Sanjoy Das via llvm-commits
llvm-commits at lists.llvm.org
Fri Oct 2 17:34:20 PDT 2015
Author: sanjoy
Date: Fri Oct 2 19:34:19 2015
New Revision: 249222
URL: http://llvm.org/viewvc/llvm-project?rev=249222&view=rev
Log:
Try to appease MSVC, NFCI.
This time by lifting the lambda's in `createNodeFromSelectLikePHI` to
the file scope. Looks like there are differences in capture rules
between clang and MSVC?
Modified:
llvm/trunk/lib/Analysis/ScalarEvolution.cpp
Modified: llvm/trunk/lib/Analysis/ScalarEvolution.cpp
URL: http://llvm.org/viewvc/llvm-project/llvm/trunk/lib/Analysis/ScalarEvolution.cpp?rev=249222&r1=249221&r2=249222&view=diff
==============================================================================
--- llvm/trunk/lib/Analysis/ScalarEvolution.cpp (original)
+++ llvm/trunk/lib/Analysis/ScalarEvolution.cpp Fri Oct 2 19:34:19 2015
@@ -3742,116 +3742,116 @@ const SCEV *ScalarEvolution::createAddRe
return nullptr;
}
-const SCEV *ScalarEvolution::createNodeFromSelectLikePHI(PHINode *PN) {
- const Loop *L = LI.getLoopFor(PN->getParent());
+// Checks if the SCEV S is available at BB. S is considered available at BB
+// if S can be materialized at BB without introducing a fault.

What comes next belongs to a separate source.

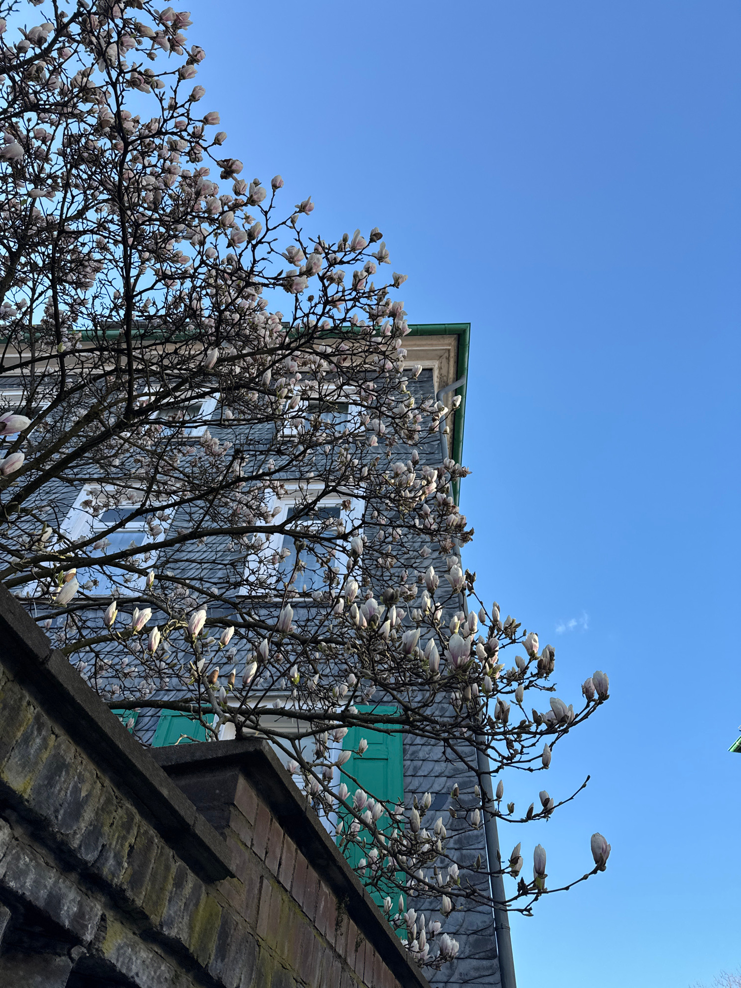 The image shows a magnolia tree in bloom against a blue sky, positioned in front of a multi-story building in Remscheid, Germany. The building features a facade with a gray, tiled appearance and rows…read more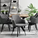 Jednostavna, ali drugačija – okretna stolica Luis oduševit će Vas svojim dizajnom. Osnovni materijal je izdržljiva tkanina bezvremenske strukture. Ima svojstva blokiranja vode, što otežava upijanje prolivenih tekućina. Također je otporan na plamen i ne blijedi kada je izložen svjetlu. Čelično postolje, u kombinaciji s navedenom tkaninom, svakom interijeru staviti će točku na i.

+static bool IsAvailableOnEntry(const Loop *L, DominatorTree &DT, const SCEV *S,
+ BasicBlock *BB) {
+ struct CheckAvailable {
+ bool TraversalDone = false;
+ bool Available = true;
+
+ const Loop *L = nullptr; // The loop BB is in (can be nullptr)
+ BasicBlock *BB = nullptr;
+ DominatorTree &DT;
+
+ CheckAvailable(const Loop *L, BasicBlock *BB, DominatorTree &DT)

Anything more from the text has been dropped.